Fuente: ¿Qué Pasa?, Número 310, 6 Diciembre 1969, página 5.




FRANCISCO HERRANZ


Por Pedro Vicente



Aunque la Prensa nacional haya púdicamente embozado el suceso en frases asépticas y sibilinas, todo el mundo conoce ya, en sus circunstancias y motivaciones, la espartana muerte de Francisco Herranz.

Espíritu íntegro, falangista de la hora fundacional, Francisco Herranz se alzó en armas en 1936 acudiendo a la sangrienta batalla del Alto del León. Tuvo la gran desgracia de no morir en aquella guerra, guerra para morir, por el doble motivo de haber sido la última guerra que sostuvieron los humanos por el Espíritu, y de que su propia posteridad sería incapaz de conservar y aun de comprender ese espíritu.

Francisco Herranz, después de confesar y comulgar, explica brevemente sus motivos a quienes pasaban por una plaza madrileña y acto seguido se descerrajó dos tiros. Dejaba una carta en la que –según testimonios– decía aproximadamente esto: «Dios ha abandonado a su Iglesia; cuanto significa España ha sido igualmente abandonado. Estoy de sobre en este mundo, y no quiero ver ya más.»

Como presiento que un silencio glacial –hecho de incomprensión y de «prudencias»– caerá sobre el suceso y sobre la memoria de Francisco Herranz, quiero declarar aquí que estimo tal decisión plenamente como un verdadero testimonio humano. Sé que un cristiano no puede llegar a tal decisión y que debe siempre respetar la vida que Dios le da y le mantiene. Pero lo que no es objetivamente justificable, puede serlo, en casos, subjetivamente, por estados depresivos más fuertes que la voluntad. Espero firmemente que Dios le otorgará, con la salvación de su alma, la justicia que probablemente le negaron los humanos. Los mismos que ponderaron sin tasa el heroísmo de los bonzos suicidas como protesta, negarán ahora su elogio a quien realiza acto similar por la fe y la patria que dicen suyas.

No puedo por menos de evocar el día en que el Pontífice reinante, Pablo VI, después de devolver a los turcos la enseña de Lepanto, marchó a la O.N.U. para bendecir, todos reunidos, a cuantos habían condenado los Papas anteriores… Recuerdo un comentario que oí en aquel triste día: «Cuando, después de Hirosima, el Emperador del Japón hubo de declarar que su poder nada tenía de divino, varios de sus súbditos se hicieron el harakiri ante el Palacio del Mikado. Si hoy no hay católicos que se quiten la vida ante San Pedro de Roma es porque su fe es diferente que la de los sintoístas. Uno sólo hubiera sido el motivo en ambos casos: Tú has privado de sentido a nuestra vida: ¿Para qué la queremos ya?»

Reflexión, sin duda, injustificable objetivamente porque Cristo, aunque parezca dormir en la tempestad, no abandonará finalmente a la barca de su Iglesia.

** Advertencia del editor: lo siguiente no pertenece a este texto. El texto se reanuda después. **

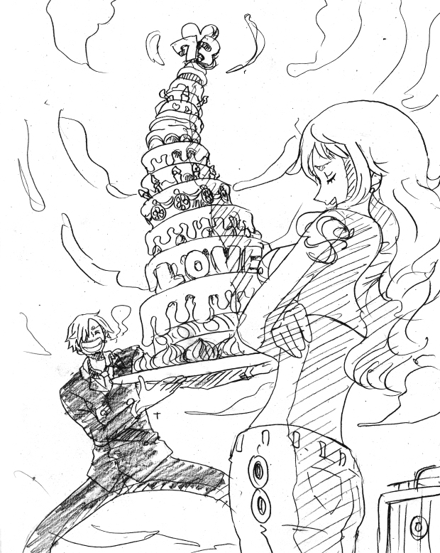 ※ナミの誕生日7月3日に投稿されたこちらの作品は、麦わらの一味がそれぞれナミを祝う様子が描かれたイラスト8枚組。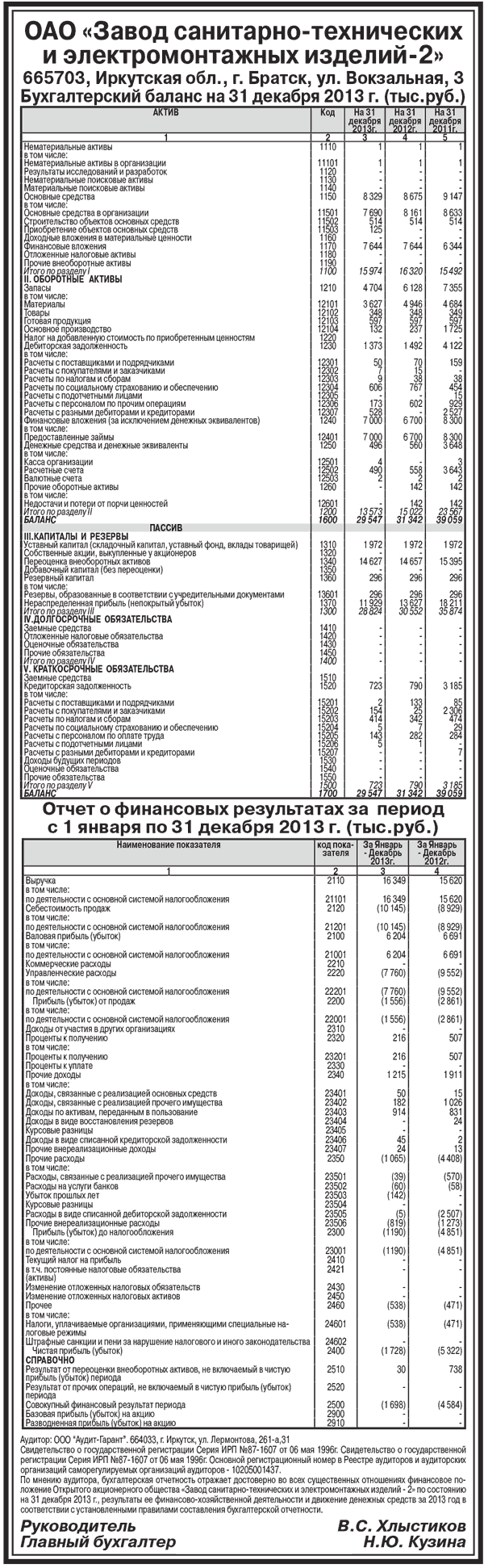 ОАО «Завод санитарно-технических и электромонтажных изделий-2». Бухгалтерский баланс на 31 декабря 2013 г. (тыс.руб.)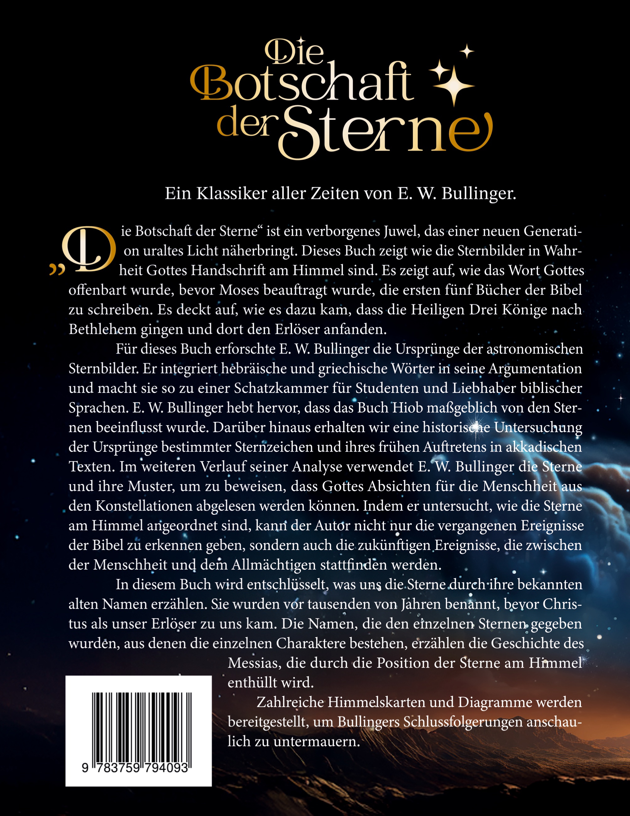 Ein Klassiker aller Zeiten von E. W. Bullinger. Die Botschaft der Sterne ist ein verborgenes Juwel, das einer neuen Generation uraltes Licht näherbringt. Es zeigt wie die Sternbilder in Wahrheit Gottes Handschrift am Himmel sind. Dieses Buch erklärt, wie das Wort Gottes offenbart wurde, bevor Moses beauftragt wurde, die ersten fünf Bücher der Bibel zu schreiben. Es deckt auf, wie es dazu kam, dass die Heiligen Drei Könige nach Bethlehem gingen und dort den Erlöser anfanden. Für dieses Buch erforschte E. W. Bullinger die Ursprünge der astronomischen Sternbilder. Er integriert hebräische und griechische Wörter in seine Argumentation und macht sie so zu einer Schatzkammer für Studenten und Liebhaber biblischer Sprachen. E. W. Bullinger hebt hervor, dass das Buch Hiob maßgeblich von den Sternen beeinflusst wurde. Darüber hinaus erhalten wir eine historische Untersuchung der Ursprünge bestimmter Sternzeichen und ihres frühen Auftretens in akkadischen Texten. Im weiteren Verlauf seiner Analyse verwendet E. W. Bullinger die Sterne und ihre Muster, um zu beweisen, dass Gottes Absichten für die Menschheit aus den Konstellationen abgelesen werden können. Indem er untersucht, wie die Sterne am Himmel angeordnet sind, kann der Autor nicht nur die vergangenen Ereignisse der Bibel abbilden, sondern auch die zukünftigen Ereignisse, die zwischen der Menschheit und dem Allmächtigen stattfinden werden. Dieses Buch entschlüsselt, was uns die Sterne durch ihre bekannten alten Namen erzählen. Sie wurden vor tausenden von Jahren benannt, bevor Christus als unser Erlöser zu uns kam. Die Namen, die den einzelnen Sternen gegeben wurden, aus denen die einzelnen Charaktere bestehen, erzählen die Geschichte des Messias, die durch seine Platzierung der Sterne im Himmel enthüllt wird. Zahlreiche Himmelskarten und Diagramme werden bereitgestellt, um Bullingers Schlussfolgerungen anschaulich zu untermauern.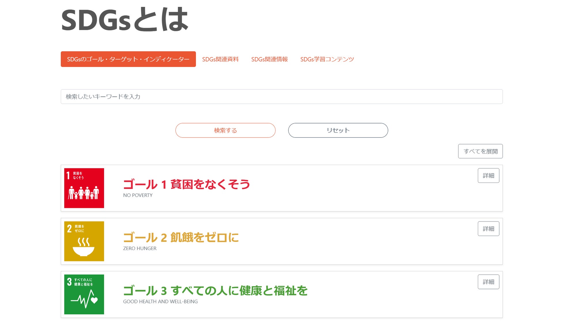 SDGsを構成するゴール、ターゲット、インディケーターや各省庁・団体のSDGs関連資料・情報といったSDGsに関する基本情報の検索が可能です。また、SDGsへの理解を促進し、行動を誘発する学習ツールであるSDGsスタディパネルのダウンロードも可能です。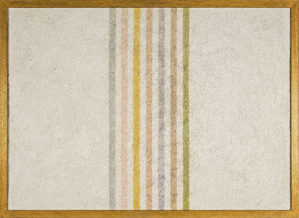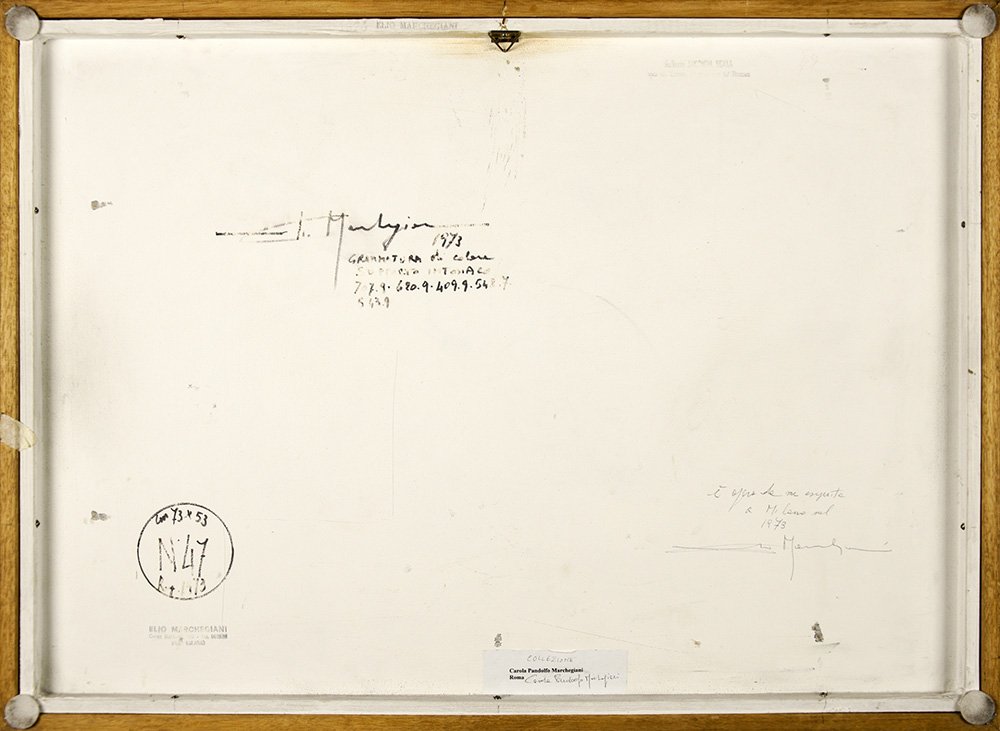 ELIO MARCHEGIANI 1929 Grammatura di colore, 1973 Grammatura di colore su intonaco, cm. 53 x 73 Firmato e datato sul retro Timbro dell’artista sul retro Etichetta Carola Pandolfo Marchegiani, Roma sul retro Autentica dell’artista sul retro Autentica dell’artista su fotografia Prov. Collezione Carola Pandolfo Marchegiani, Roma Prov. Collezione Privata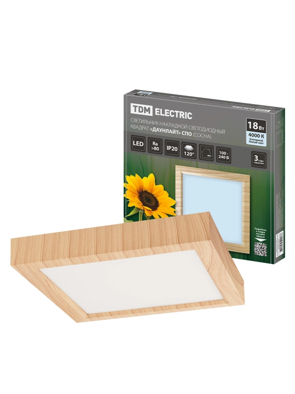TDM Светильник накладной светодиодный квадрат "Даунлайт" СПО (сосна) 18 Вт 225*225*32 мм 4000К

Justificable sólo subjetivamente por el estado de ánimo que puede provocar esta danza macabra de apostasías, arribismos, frivolidades.

Dios haya acogido en su seno a esta víctima de la colectividad, mártir postrero de la fe y de la tradición, por el que los nuevos curas no rezarán y que no pocos de sus compatriotas procurarán olvidar como un remordimiento.